Frisch Gepresst

Die Braut, die sich was traut

Nach sechs Jahren Pause kehren die newyorker Vorzeige-Hipster Vampire Weekend mit einem der am heißesten erwarteten Alben des Jahres zurück. Kann „Father of the Bride“ den enormen Erwartungen standhalten?
Vampire Weekend - Father of the Bride
Ezra Koenig - Frontmann von Vampire Weekend

Vampire Weekend haben sich einen besonderen Platz in der Musik-Szene gesichert. Was ihr Image und ihre Präsentation angeht, könnte die Band dem Klischee des Indie-Hipsters kaum mehr entsprechen. Vier Jungs mit geschniegeltem Auftreten, allesamt aus New York, ehemals Kunststudenten an einer Elite-Uni, die mit ihrer Musik schnell die Herzen eines jungen, urbanen Publikums eroberten. Mit ihrem gefeierten Debüt-Album schwammen sie 2008 auf dem hinteren Ende der Indierock-Welle der Nullerjahre mit und schufen mit „A-Punk“ einen der Vorzeige-Hits des Genres. Im Gegensatz zu anderen Bands ihrer Strömung schafften es Vampire Weekend jedoch, nicht von der Zeit überholt zu werden. Wo Strokes, Franz Ferdinand und Co. heute in erster Linie für ihre Fanbase spielen und mit neuen Alben kaum noch Aufmerksamkeit auf sich ziehen, gingen Vampire Weekend nicht an ihrem ursprünglichen Hype zugrunde, sondern schafften es dank beständiger musikalischer Weiterentwicklung, auch mit ihren nachfolgenden Alben relevant zu bleiben. Somit bestehen nach sechs Jahren Auszeit an das neue Werk der Gruppe große Erwartungen. Erwartungen, die „Father of the Bride“ vollends erfüllt!

Spagat zwischen Alt und Neu

Mehr noch als vorherige Vampire-Weekend-Alben, stellt „Father of the Bride“ eine musikalische Weiterentwicklung für die Gruppe dar, ohne dabei ihren Wiedererkennungswert zu opfern. Der Opener „Hold You Now“ lässt dank der markanten Stimme von Bandkopf Ezra Koenig zwar keinen Zweifel daran, wer hier am Werk ist, zeigt aber auch schon die größte Veränderung im Sound der Band: auf „Father of the Bride“ nehmen E-Gitarren nur noch wenig Raum ein. Stattdessen dominieren Akustikgitarren, die häufig geloopt oder von anderen elektronischen Spielereien unterbrochen und zerstückelt werden. Im weiteren Verlauf des Albums gesellen sich eine Vielzahl weiterer, teils exotischer Instrumente dazu, die jedem der Songs eine ganz eigene Note verleihen. „Vampire Weekend“ zeichneten sich seit jeher durch ihre Bereitschaft aus, Weltmusik-Elemente in ihre Musik einzubauen. Besonders die Rhythmik des Afrobeat-Genres war ein wiederkehrendes Element auf früheren Alben der Gruppe. Auf „Father of the Bride“ findet sich dieses nur noch selten. Stattdessen machen sich Einflüsse aus einer Vielzahl anderer Musikstile, wie Country, Soul und Bossa-Nova hörbar.

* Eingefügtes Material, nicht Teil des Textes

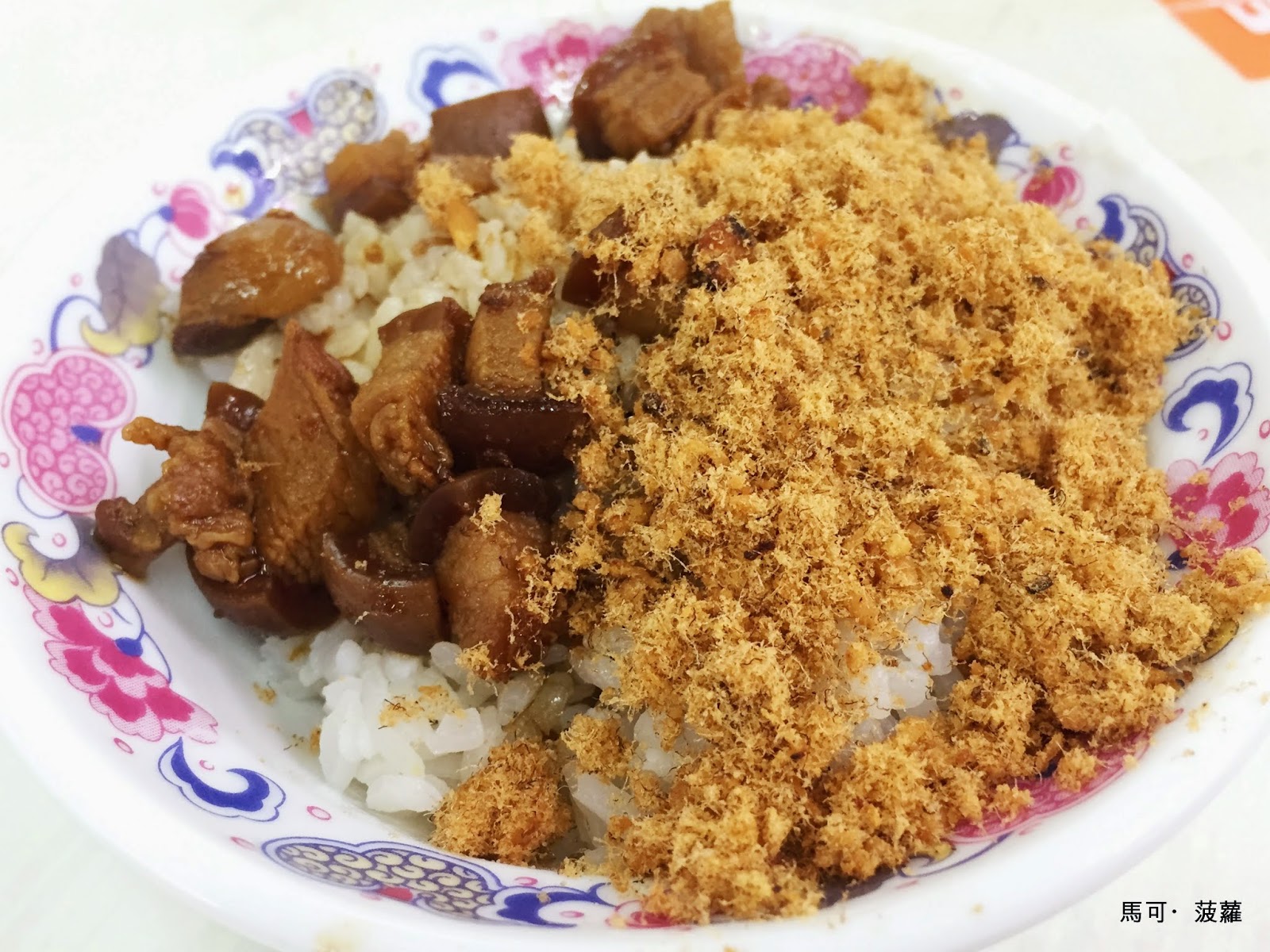 B 哥還沒有來,他的小弟陳浩南...不是,是魚酥肉飯就先上來了,名字聽起來很有海洋風味,其實應該說它是擁有《無敵鐵金剛》風味的一碗魚酥肉飯才對,請各位仔細觀察下這碗魚酥肉飯,在粒粒香 Q 的白飯上頭,左邊淋上的是店家秘製肉燥,而右邊則是灑上了甜美可人的魚酥,這樣兩極化卻又彼此融合的一碗飯,不正是走著那《無敵鐵金剛》裡頭阿修羅男爵的風格嗎? 哎呀這店家真的用心良苦啊~然後太太也非常好胃口的幹掉了阿修羅男爵,直說好吃,該不會她是阿強一號嗎?(阿修羅男爵:小碗 20 元,大碗 30 元。)

Dieser Abwechslungsreichtum ist auch sehr willkommen, denn mit insgesamt 18 Tracks ist „Father of the Bride“ ein ziemlicher Brocken. Dank der Vielseitigkeit in Instrumentierung und Stil wird die Platte jedoch trotzdem zu keinem Zeitpunkt langweilig; ein Highlight reiht sich an das Nächste. Mit „Bambina“ erinnern Vampire Weekend für weniger als zwei Minuten daran, dass sie immer noch knackige Indierock-Hits schreiben können, wenn sie denn nur möchten. „This Life“ schafft direkt im Anschluss einen unwiderstehlichen Gute-Laune-Vibe, der im Kontrast zu den melancholischen Lyrics steht.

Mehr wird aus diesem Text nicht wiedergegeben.